3Upload to tagtog in a same API request both the plain.html + ann.json (i.e., 2 files) of the document. The requirement is that both files, except for the final extension, must have the same name. In that way, the tagtog system understands that both files represent the same document. Moreover, you can send multiple annotated documents at the same time. This means you always upload an even number of files.


This example shows how to upload a document, download it back in plain.html format, annotate it with your model generating an ann.json, and upload the whole annotated document (plain.html + ann.json) to tagtog.

  import requests

  tagtogAPIUrl = "https://www.tagtog.net/-api/documents/v1"

  auth = requests.auth.HTTPBasicAuth(username='yourUsername', password='yourPassword')
  params = {'project':'yourProjectName', 'owner': 'yourUsername', 'output':'html'}
  files = [('file', open('text.txt', 'rb'))]
  response = requests.post(tagtogAPIUrl, params=params, auth=auth, files=files)

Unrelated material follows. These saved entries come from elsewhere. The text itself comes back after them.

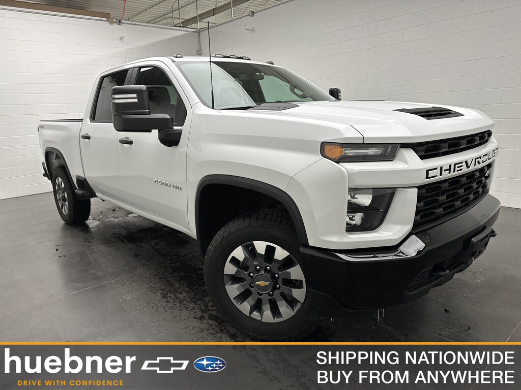 On the exterior, this 2500HD Custom stands out with 20-inch machined aluminum wheels, all-terrain LT275/65R20 tires, Black high-gloss front and rear bumpers, and a body-color grille with black mesh inserts. The Durabed is ready for real work with 12 fixed tie-downs rated at 500 lbs per corner, bed rail protection caps, LED lighting, and a ChevyTec spray-on bedliner. The EZ-Lift tailgate with power lock and release adds convenience, while roof marker lamps and power-adjustable heated trailering mirrors with integrated turn signals increase confidence during early morning hauls and nighttime towing.
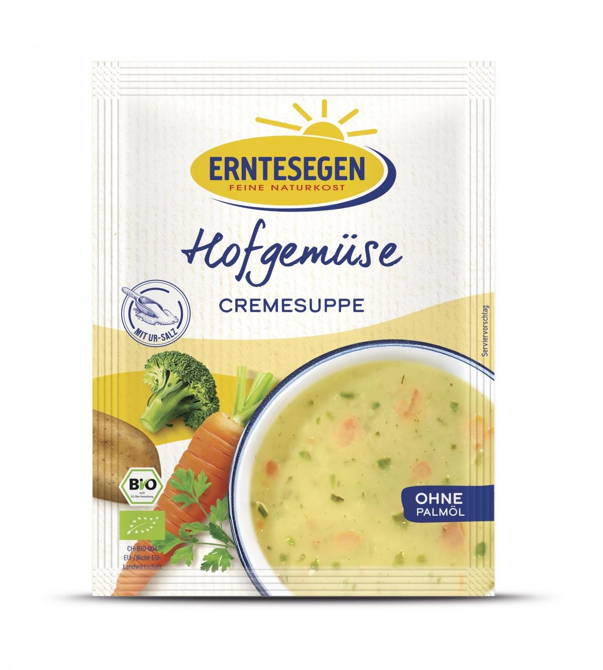 ... Hofgemüse Cremesuppe mit 17% Gemüse, mit Ur-Salz und ohne Palmöl.
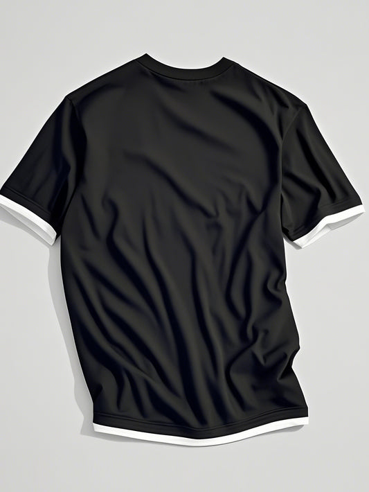 1 հատ տղամարդու գարուն-ամառ կարճ թևքով մարզաշապիկ՝ սև, կանոնավոր չափսի, կլոր վզով, շնչող գործվածք՝ մարզասրահի համար, բացօթյա ամենօրյա հագուստի համար, մարզասրահի վերնաշապիկներ, դիմացկուն ամենօրյա հագուստ, հարթ հյուսվածք
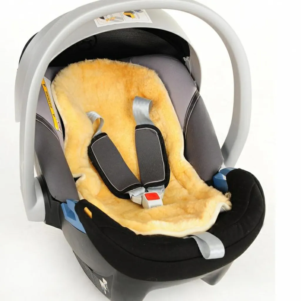 Peau d’agneau fixée par une fermeture velcro à la chancelière.
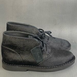 Clarks Womens Desert Genuine Calf Hair black Chukka boot shoes size 10
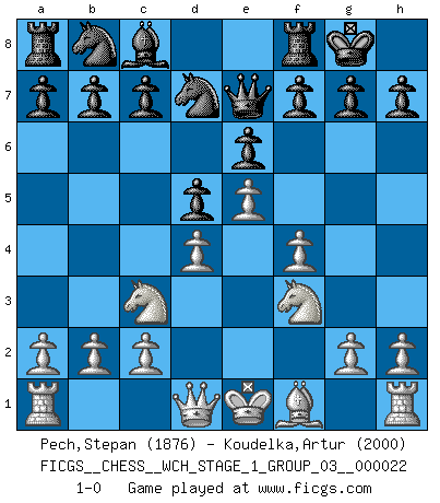 Last move : 1-0 2020 June 20 12:59:48 [Event "FICGS__CHESS__WCH_STAGE_1_GROUP_03__000022"] [Site "FICGS"] [Date "2020.03.01"] [Round "1"] [White "Pech,Stepan"] [Black "Koudelka,Artur"] [Result "1-0"] [WhiteElo "1876"] [BlackElo "2000"] 1.e4 e6 2.d4 d5 3.Nc3 Nf6 4.Bg5 Be7 5.e5 Nfd7 6.Bxe7 Qxe7 7.f4 O-O 8.Nf3 1-0 This chess game has been lost on time (started : 2020.03.01 23:43:23) French : Classical, Steinitz variation Kingside Castling by player Black (move 7) Player White won this chess game. Follow this game move after move (download)Any material change in a position must come about by mate, a capture, or a Pawn promotion. (Purdy) Ich spiele 70 Eröffnungssysteme. (Viktor Kortschnoi) El jugador de combinación piensa hacia adelante; comienza de la posición dada y trabaja las movidas contundentes en su mente. (Emanuel Lasker) Il vaut toujours mieux jouer un plan faux de façon logique que de n'avoir pas de plan du tout. (Victor Kortchnoï) Macintosh - we might not get everything right, but at least we knew the century was going to end. (Douglas Adams)
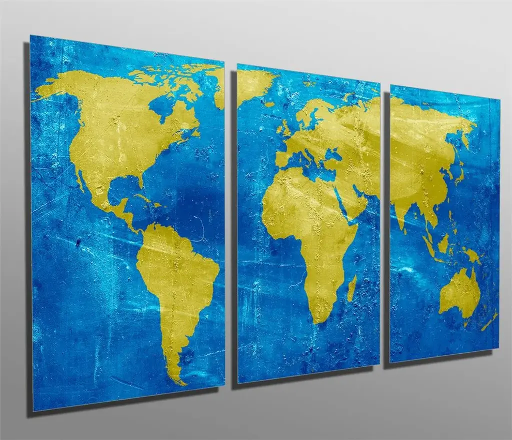 Blue And Yellow World Map Metal Print 3 Panel Split, Triptych Wall Art, 60x30
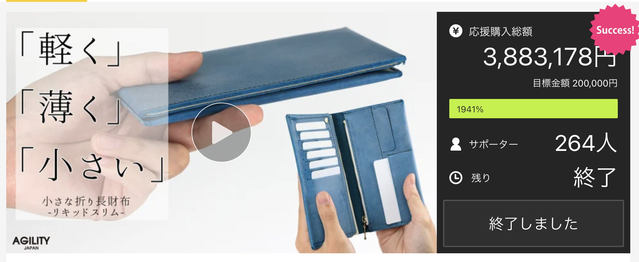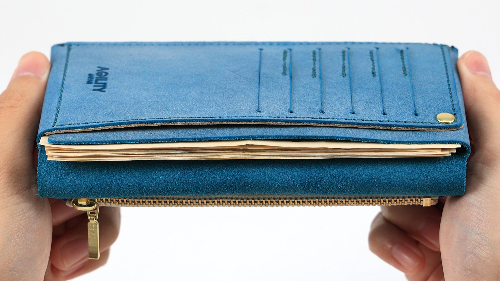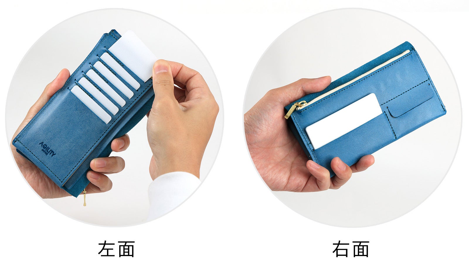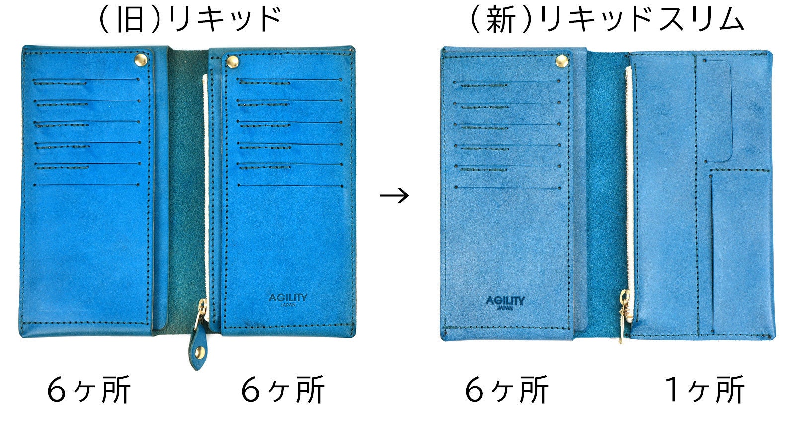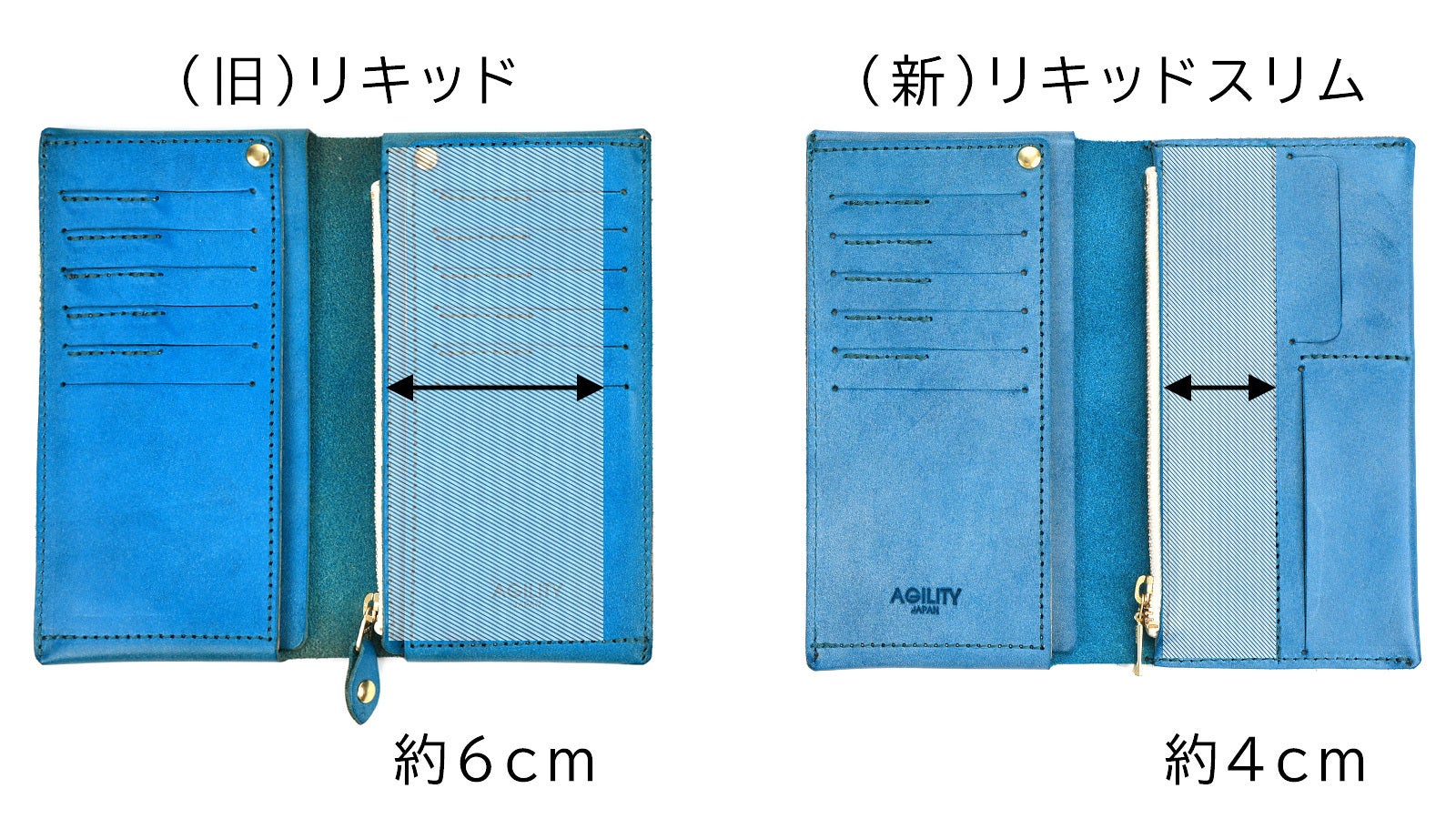 「リキッドスリム」はAGILITYの人気コンパクト長財布「リキッド」を現代の支払い事情に合わせさらに薄く・軽量にした長財布です。

  # The plain.html (the request's response is in string form). You will have to parse the html's text
  plain_html = response.text
  # Annotate the html with my model. We suppose we generate a json in string format too. We could write down to a file if desired
  ann_json = my_model_annotate(plain_html)
  # ann_json = '{"annotatable":{"parts":["s1p1","s1p2"]},"anncomplete":false,"sources":[],"metas":{},"entities":[{"classId":"e_1","part":"s1p1","offsets":[{"start":12,"text":"first sentence of the first paragrap"}],"confidence":{"state":"pre-added","who":["user:yourUsername"],"prob":1},"fields":{},"normalizations":{}}],"relations":[]}'

  # Submit both the plain.html + ann.json in the same request. The important thing: they must have the same name, except for the file extensions
  files = [('file', ('text.plain.html', plain_html)), ('file', ('text.ann.json', ann_json))]
  params['format'] = 'anndoc'
  params['output'] = 'null'
  response = requests.post(tagtogAPIUrl, params=params, auth=auth, files=files)

  print(response.text)